→ Exercise inputs

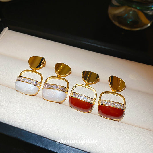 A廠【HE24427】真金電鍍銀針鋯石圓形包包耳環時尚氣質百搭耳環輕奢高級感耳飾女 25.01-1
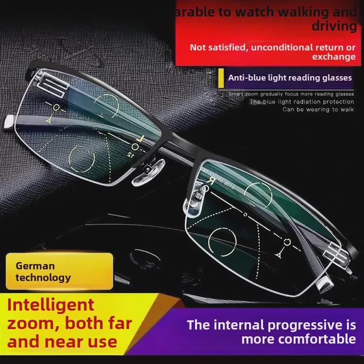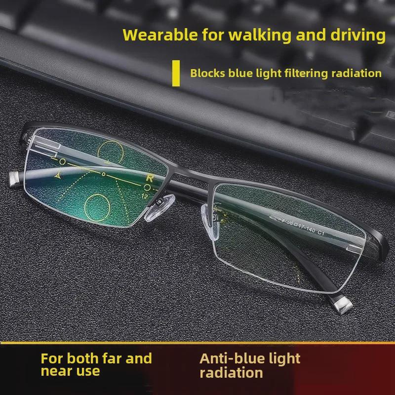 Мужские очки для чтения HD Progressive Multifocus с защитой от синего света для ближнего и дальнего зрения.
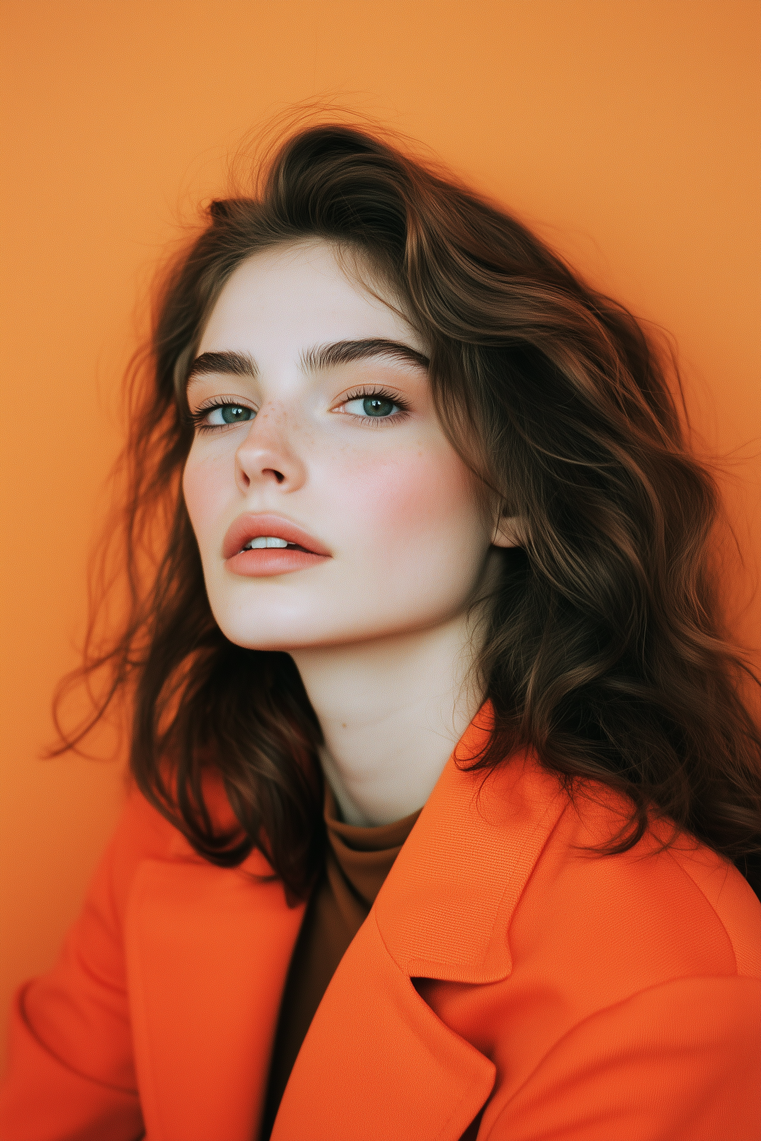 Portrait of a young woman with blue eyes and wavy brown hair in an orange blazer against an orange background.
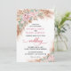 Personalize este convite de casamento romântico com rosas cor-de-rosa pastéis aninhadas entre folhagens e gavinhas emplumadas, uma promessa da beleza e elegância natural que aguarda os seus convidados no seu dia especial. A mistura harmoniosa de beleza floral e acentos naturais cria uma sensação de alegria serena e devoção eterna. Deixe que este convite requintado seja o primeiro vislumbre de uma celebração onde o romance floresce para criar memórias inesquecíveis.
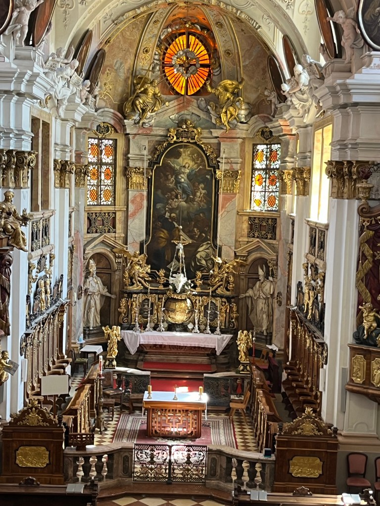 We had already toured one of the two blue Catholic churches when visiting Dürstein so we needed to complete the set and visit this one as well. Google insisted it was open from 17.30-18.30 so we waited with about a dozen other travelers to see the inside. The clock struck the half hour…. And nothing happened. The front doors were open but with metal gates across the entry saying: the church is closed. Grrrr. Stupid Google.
==
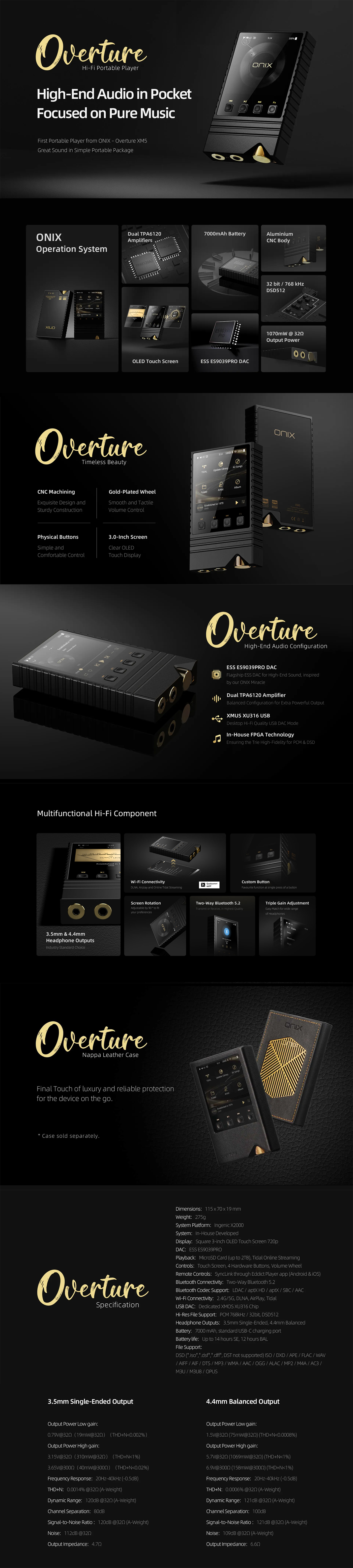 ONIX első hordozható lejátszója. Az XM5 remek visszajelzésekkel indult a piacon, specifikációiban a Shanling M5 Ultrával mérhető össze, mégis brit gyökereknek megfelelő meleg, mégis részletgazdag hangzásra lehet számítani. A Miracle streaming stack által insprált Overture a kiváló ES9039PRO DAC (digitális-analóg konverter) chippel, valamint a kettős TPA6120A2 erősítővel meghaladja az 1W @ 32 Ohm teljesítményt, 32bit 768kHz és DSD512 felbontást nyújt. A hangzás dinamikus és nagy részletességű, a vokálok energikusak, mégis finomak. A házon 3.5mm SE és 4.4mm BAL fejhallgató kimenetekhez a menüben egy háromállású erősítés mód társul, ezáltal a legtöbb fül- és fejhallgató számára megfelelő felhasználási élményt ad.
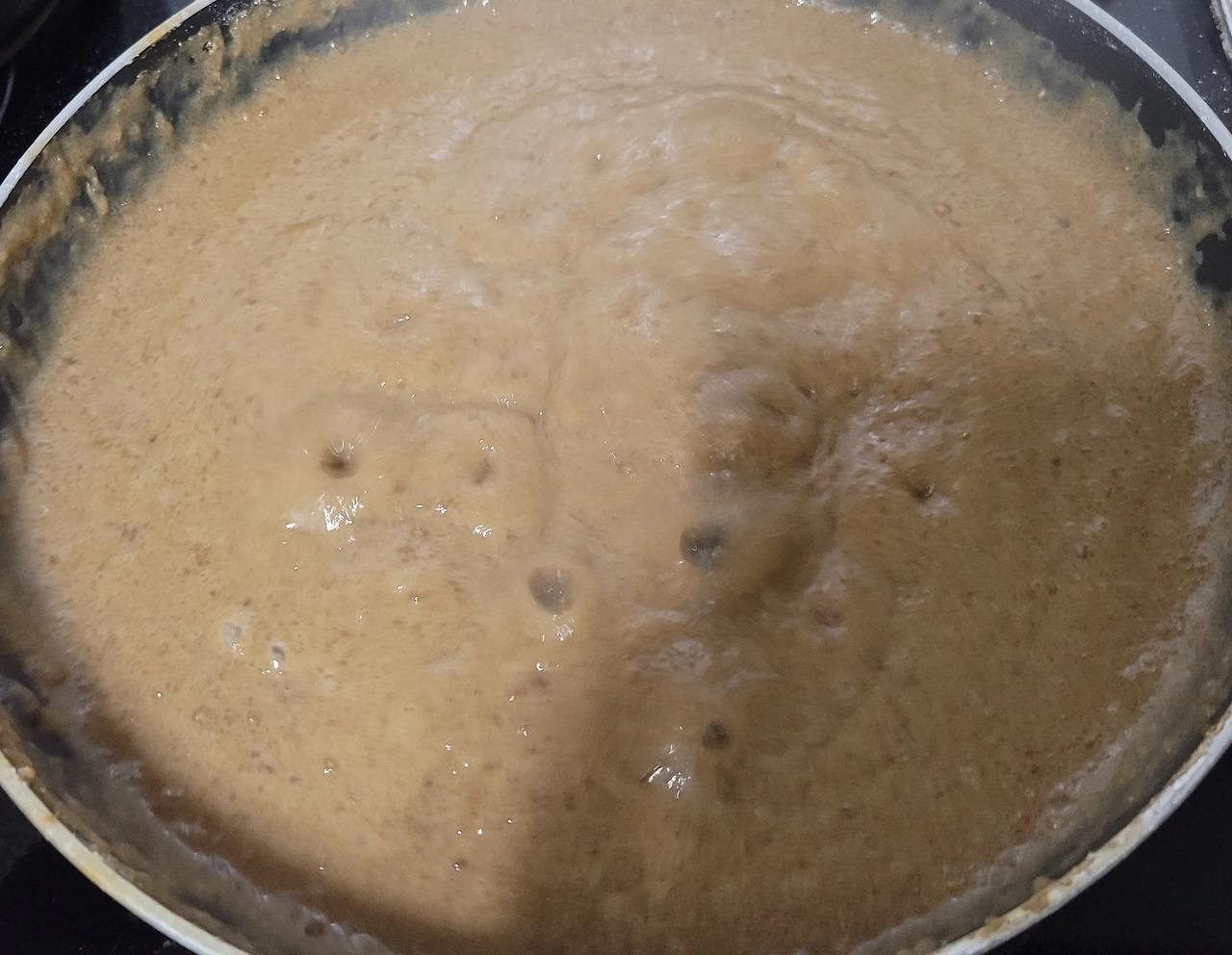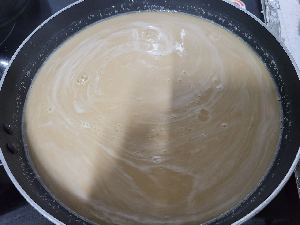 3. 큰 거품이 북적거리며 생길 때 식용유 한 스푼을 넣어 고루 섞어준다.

→ Exercise goal
I would like the exact lines from the data above, starting with the one that holds "A廠【HE24427】真金電" and going on through the one that holds "Personalize este convite", without the pictures.

→ Completed exercise
 A廠【HE24427】真金電鍍銀針鋯石圓形包包耳環時尚氣質百搭耳環輕奢高級感耳飾女 25.01-1
 Мужские очки для чтения HD Progressive Multifocus с защитой от синего света для ближнего и дальнего зрения.
 Portrait of a young woman with blue eyes and wavy brown hair in an orange blazer against an orange background.
 Personalize este convite de casamento romântico com rosas cor-de-rosa pastéis aninhadas entre folhagens e gavinhas emplumadas, uma promessa da beleza e elegância natural que aguarda os seus convidados no seu dia especial. A mistura harmoniosa de beleza floral e acentos naturais cria uma sensação de alegria serena e devoção eterna. Deixe que este convite requintado seja o primeiro vislumbre de uma celebração onde o romance floresce para criar memórias inesquecíveis.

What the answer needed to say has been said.